4 Best Exercises to start in the First Two Weeks After an Ankle Sprain

Summer is finally here, making it the perfect time to play, strengthen, and sweat! One of the most common injuries I see in my clinic is an ankle sprain, which is fortunately one of the easiest injuries to recover from.


Understanding Ankle Sprain Grades:


Grade 1: Slight stretching or a very small tear in the ligament fibers.

Grade 2: Partial tear of the ligament.

Grade 3: Complete tear of the ligament.


Even with a complete ligament tear, most cases fully recover with a course of physiotherapy treatment.

Most ankle sprains are mild (Grade 1-2) and often heal on their own. However, I frequently see patients three or four months post-sprain who still struggle with pain and limitations.

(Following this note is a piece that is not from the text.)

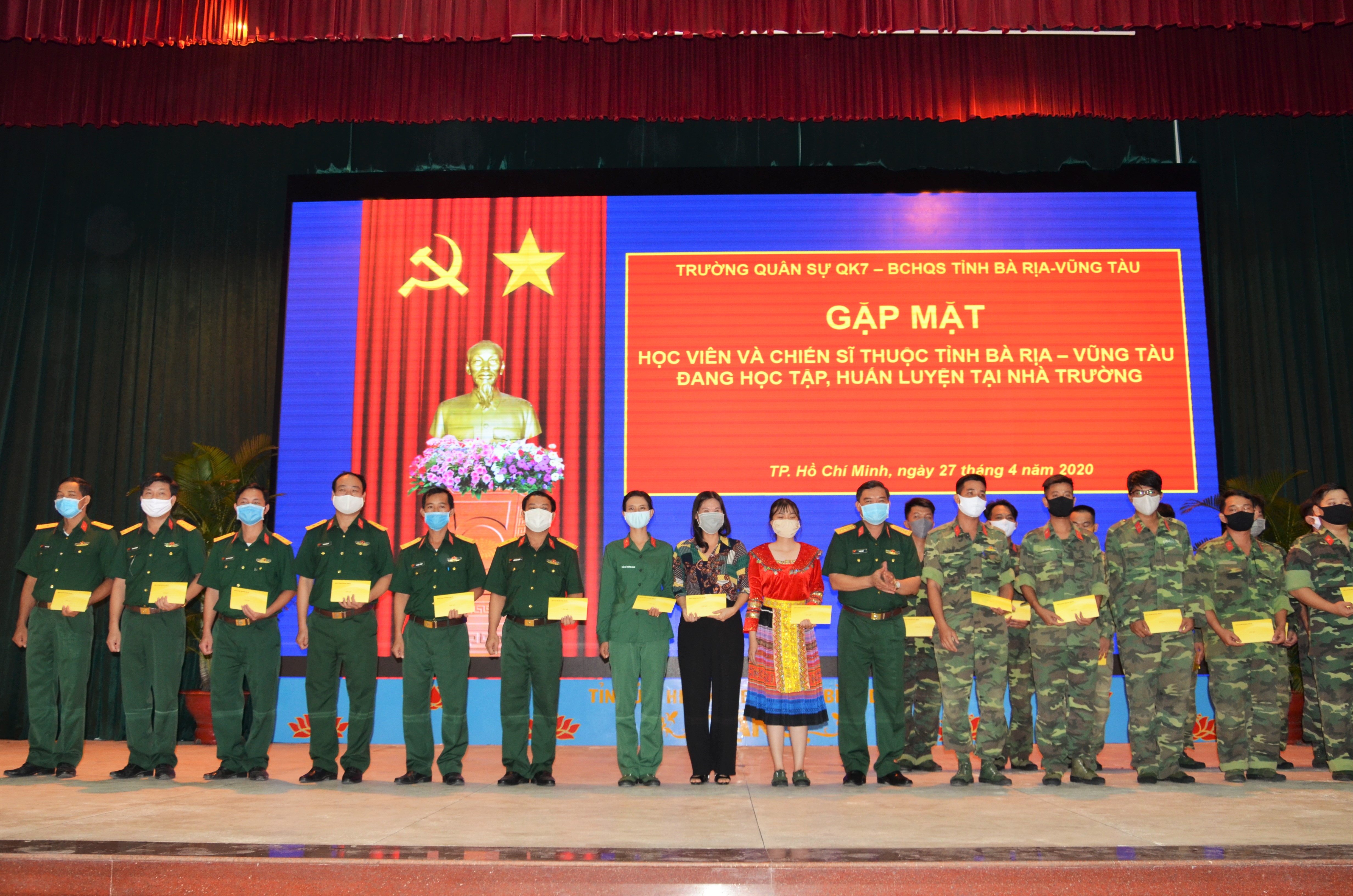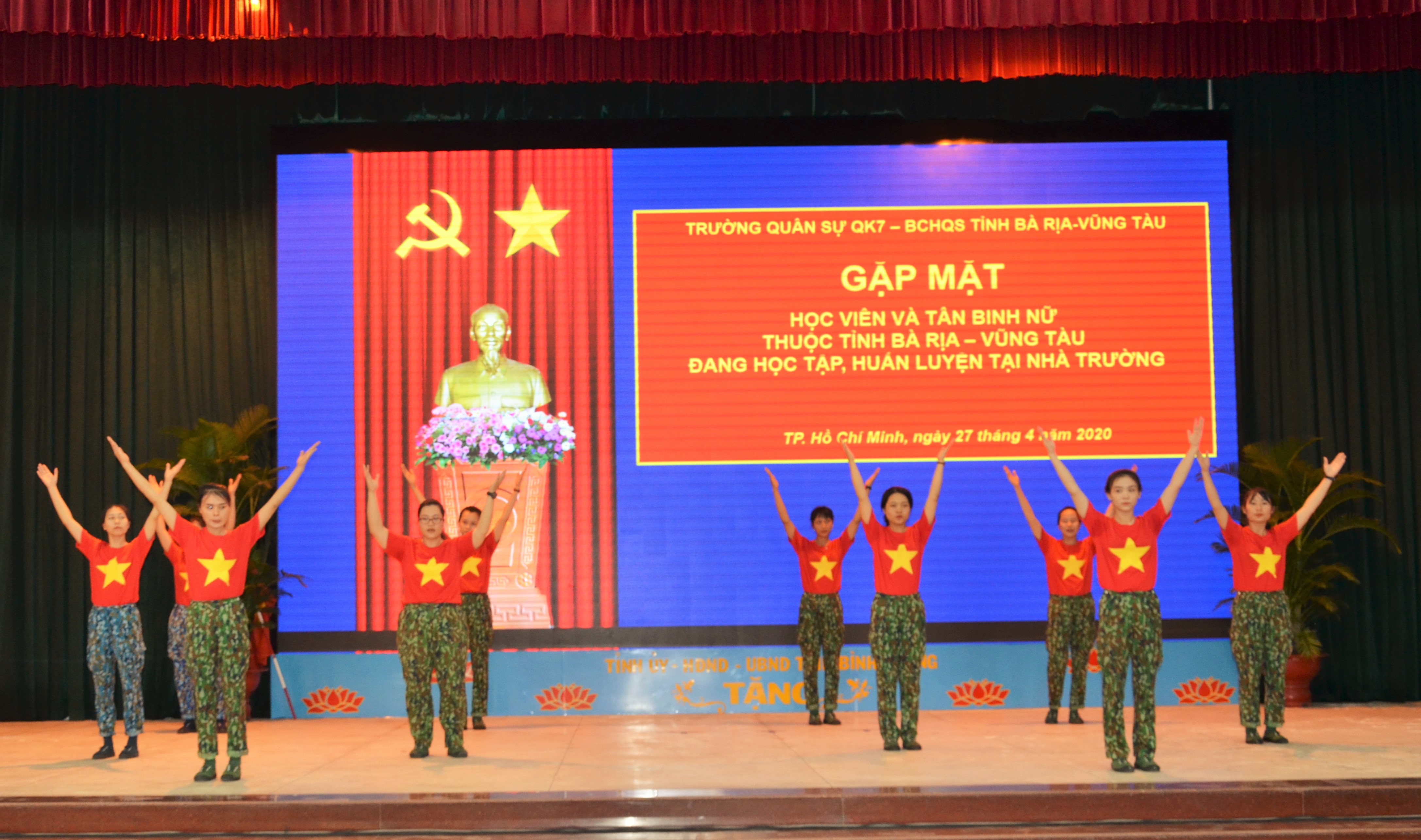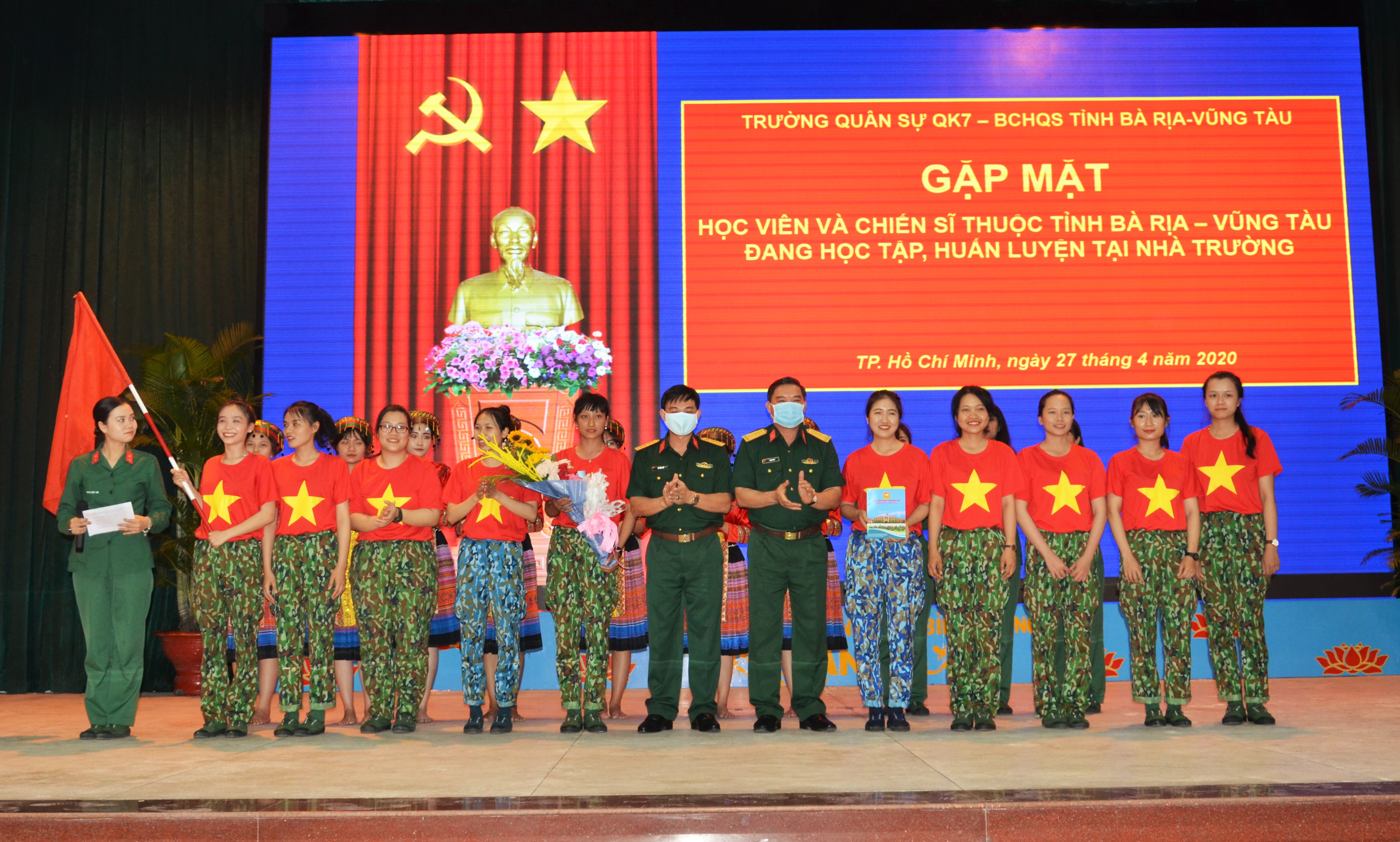(QK7 Online) - Ngày 27 tháng 4, Trường Quân sự Quân khu 7 - Bộ CHQS tỉnh Bà Rịa - Vũng Tàu tổ chức gặp mặt học viên và Tân binh nữ thuộc tỉnh Bà Rịa - Vũng Tàu đang học tập, huấn luyện tại nhà trường. Đại tá Hà Công Chờ, Phó Chính ủy nhà trường và Đại tá Phạm Phú Ý, Chỉ huy trưởng Bộ Chỉ huy quân sự tỉnh Bà Rịa - Vũng Tàu đến dự.
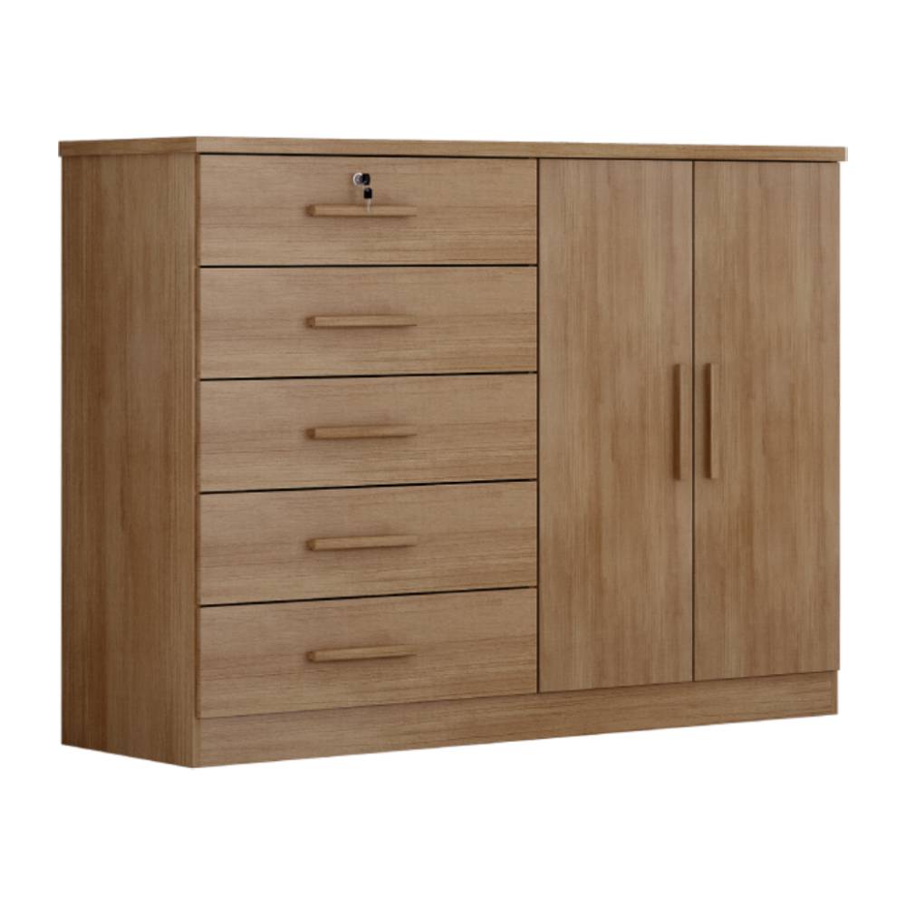 Com 5 gavetas amplas equipadas com corrediças telescópicas que permitem abertura total, ela oferece espaço otimizado para roupas, acessórios e itens pessoais. A gaveta superior possui fechadura com chave, garantindo segurança extra. As duas portas laterais abrem para um compartimento com 3 prateleiras internas, ideais para itens maiores ou dobrados.

That's why I've written this article to share my go-to exercises for the first week after a sprain.


Exercises and Tips


1. Ice Your Ankle

- Swelling can range from mild to severe. Ice helps control swelling and accelerate recovery.

- Apply ice for a maximum of 10 minutes, 2-4 times a day.



2. Range of Motion Exercises

- Move your foot in different directions to ensure it moves the same as your other leg.

- Perform movements inward, outward, and through pointing and flexing.

3. Knee-to-Wall Exercise

- Find the farthest point from the wall where you can touch it with your knee while keeping your heel on the floor.

- Compare the range between your injured and non-injured foot. There may be a range limitation and pain in the injured foot.

- Gradually stretch until you achieve equal distance on both feet.



4. Heel Raises

- Once the swelling has decreased and walking improves, practice heel raises.

- Start with both legs and progress to one leg.